MLBoh
- mlboh.mlboh.manual_parallel_cv_processes(estimator, X, y, cv, metric, max_workers=4, *args, **kwargs)[source]
Run cross-validation manually using multiple processes.
- Parameters:
estimator (BaseEstimator) – Machine learning estimator pipeline to use
X (np.ndarray) – Input variables/features to analyze without train/test subdivision
y (np.ndarray) – Input labels/ground-truths to analyze without train/test subdivision
train_idx (list) – List of indices to use for the train set
test_idx (list) – List of indices to use for the test set
metric (callable) – Sklearn-like callable function in which the first argument is the y_true list and the second is the y_pred list
max_worker (int (default := 4)) – Maximum number of threads to use for the parallelization
max_workers (int)
- Returns:
score – Output list of the metric function applied on the predicted labels of the provided ML model.
- Return type:
np.ndarray
- mlboh.mlboh.manual_parallel_cv_threads(estimator, X, y, cv, metric, max_workers=4, *args, **kwargs)[source]
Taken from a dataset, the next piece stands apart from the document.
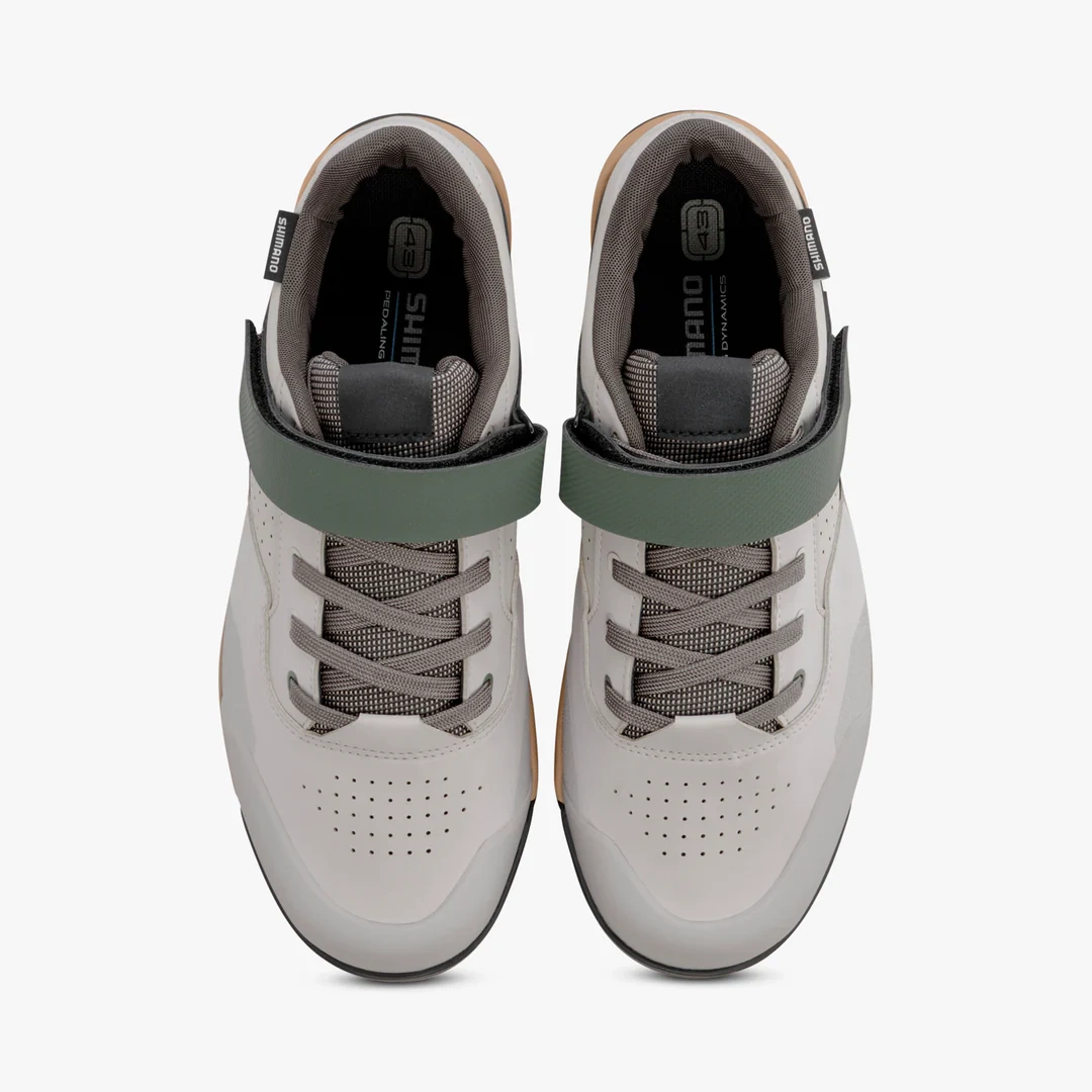 - Skateboard-style upper shoe with lacing and wide strap on the instep for a secure hold when pedaling aggressively.

Run cross-validation manually using multiple threads.
- Parameters:
estimator (BaseEstimator) – Machine learning estimator pipeline to use
X (np.ndarray) – Input variables/features to analyze without train/test subdivision
y (np.ndarray) – Input labels/ground-truths to analyze without train/test subdivision
train_idx (list) – List of indices to use for the train set
test_idx (list) – List of indices to use for the test set
metric (callable) – Sklearn-like callable function in which the first argument is the y_true list and the second is the y_pred list
max_worker (int (default := 4)) – Maximum number of threads to use for the parallelization
max_workers (int)
- Returns:
score – Output list of the metric function applied on the predicted labels of the provided ML model.
- Return type:
np.ndarray
Functions
- mlboh.mlboh.manual_parallel_cv_threads(estimator, X, y, cv, metric, max_workers=4, *args, **kwargs)[source]
Run cross-validation manually using multiple threads.
- Parameters:
estimator (BaseEstimator) – Machine learning estimator pipeline to use
X (np.ndarray) – Input variables/features to analyze without train/test subdivision
y (np.ndarray) – Input labels/ground-truths to analyze without train/test subdivision
train_idx (list) – List of indices to use for the train set
test_idx (list) – List of indices to use for the test set
metric (callable) – Sklearn-like callable function in which the first argument is the y_true list and the second is the y_pred list
max_worker (int (default := 4)) – Maximum number of threads to use for the parallelization
max_workers (int)
- Returns:
score – Output list of the metric function applied on the predicted labels of the provided ML model.
- Return type:
np.ndarray
- mlboh.mlboh.manual_parallel_cv_processes(estimator, X, y, cv, metric, max_workers=4, *args, **kwargs)[source]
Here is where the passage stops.